Finally, learning analytics uses “social network analysis” and “trend analysis” extensively. In social network analysis learners’ online interactions are recorded to gauge their participation and engagement level. UNESCO’s 2012 report on learning analytics reports: “connections learners forge with each other and the resulting group structures correlate with more or less effective learning” (p. 6). Trend analysis, on the other hand, looks at the changes occurring in a period of time to identify areas of user interest. For trend analysis to be successful longitudinal learner records are gathered and analyzed for common occurrences.

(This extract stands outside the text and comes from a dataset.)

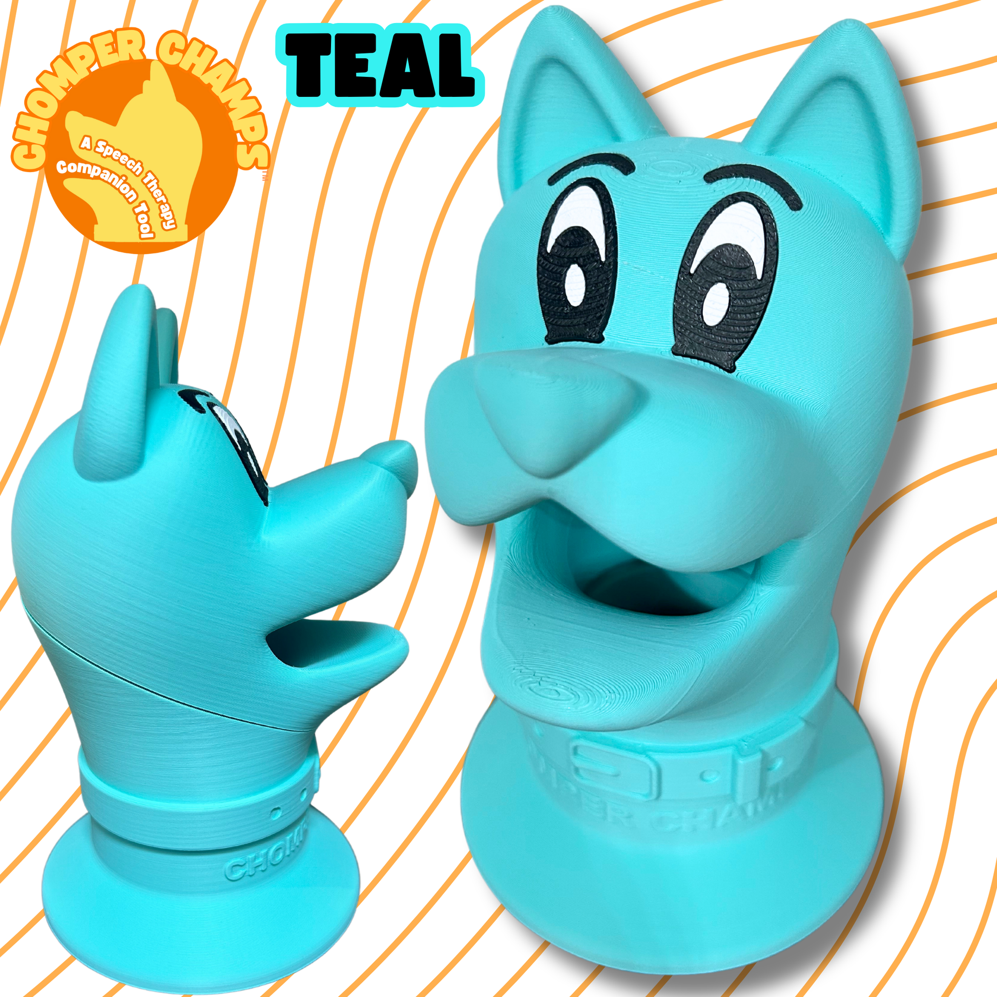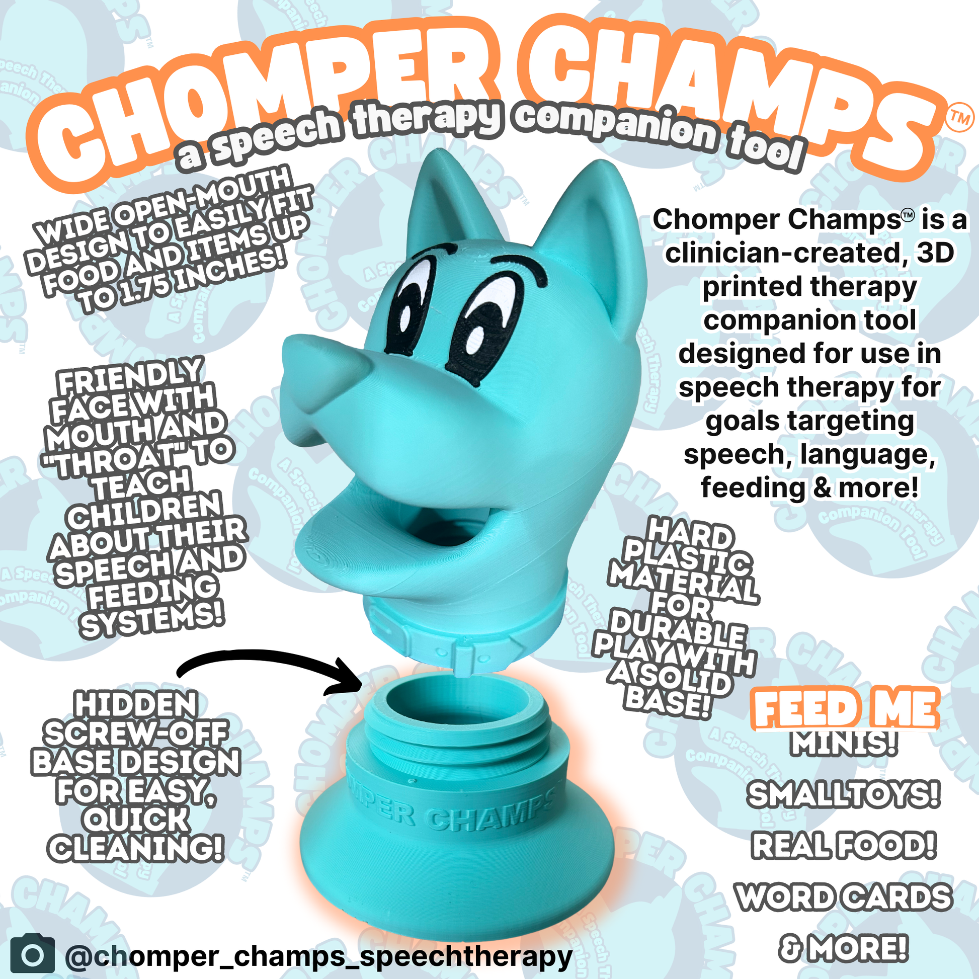 Chomper Champs is a 3D printed product designed by an SLP! Skipper the dog Chomper Champs features a welcoming puppy face with an open mouth and easy-to-clean removable base designed to easily feed items targeting speech, language, and feeding goals!

Because of the difficulty of data interpretation, attention is currently being paid to “visual” data analytics where researchers “view” the data to make sense of it. However, visualization does not only facilitate interpretation but also brings a human touch to data analysis, which is lacking in data mining research. The strength of visual data analytics lies in its capability “to expose patterns, trends and exceptions in very large heterogonous and dynamic datasets collected from complex systems” (Bienkowski, Feng and Means, 2012, p.15).

Learning Analytics Tools

As shown in Table 1, most learning analytics tools are developed in-house by individual universities to meet the specific needs of their students. The majority of these projects could be considered as ‘academic analytics’, which is a slightly different concept than learning analytics. Academic analytics are used at the institutional or regional level and benefit administrators, policy makers and government organizations. Learning analytics, on the other hand, are about course or departmental level analytics and benefit learners and faculty members (Siemens & Long, 2013). Regardless of the scope and use of findings, both academic and learning analytics use similar techniques and tools. Following is a list of free tools that could be used by online educators interested in analytics. They are summarized from simple LA tools to complex ones.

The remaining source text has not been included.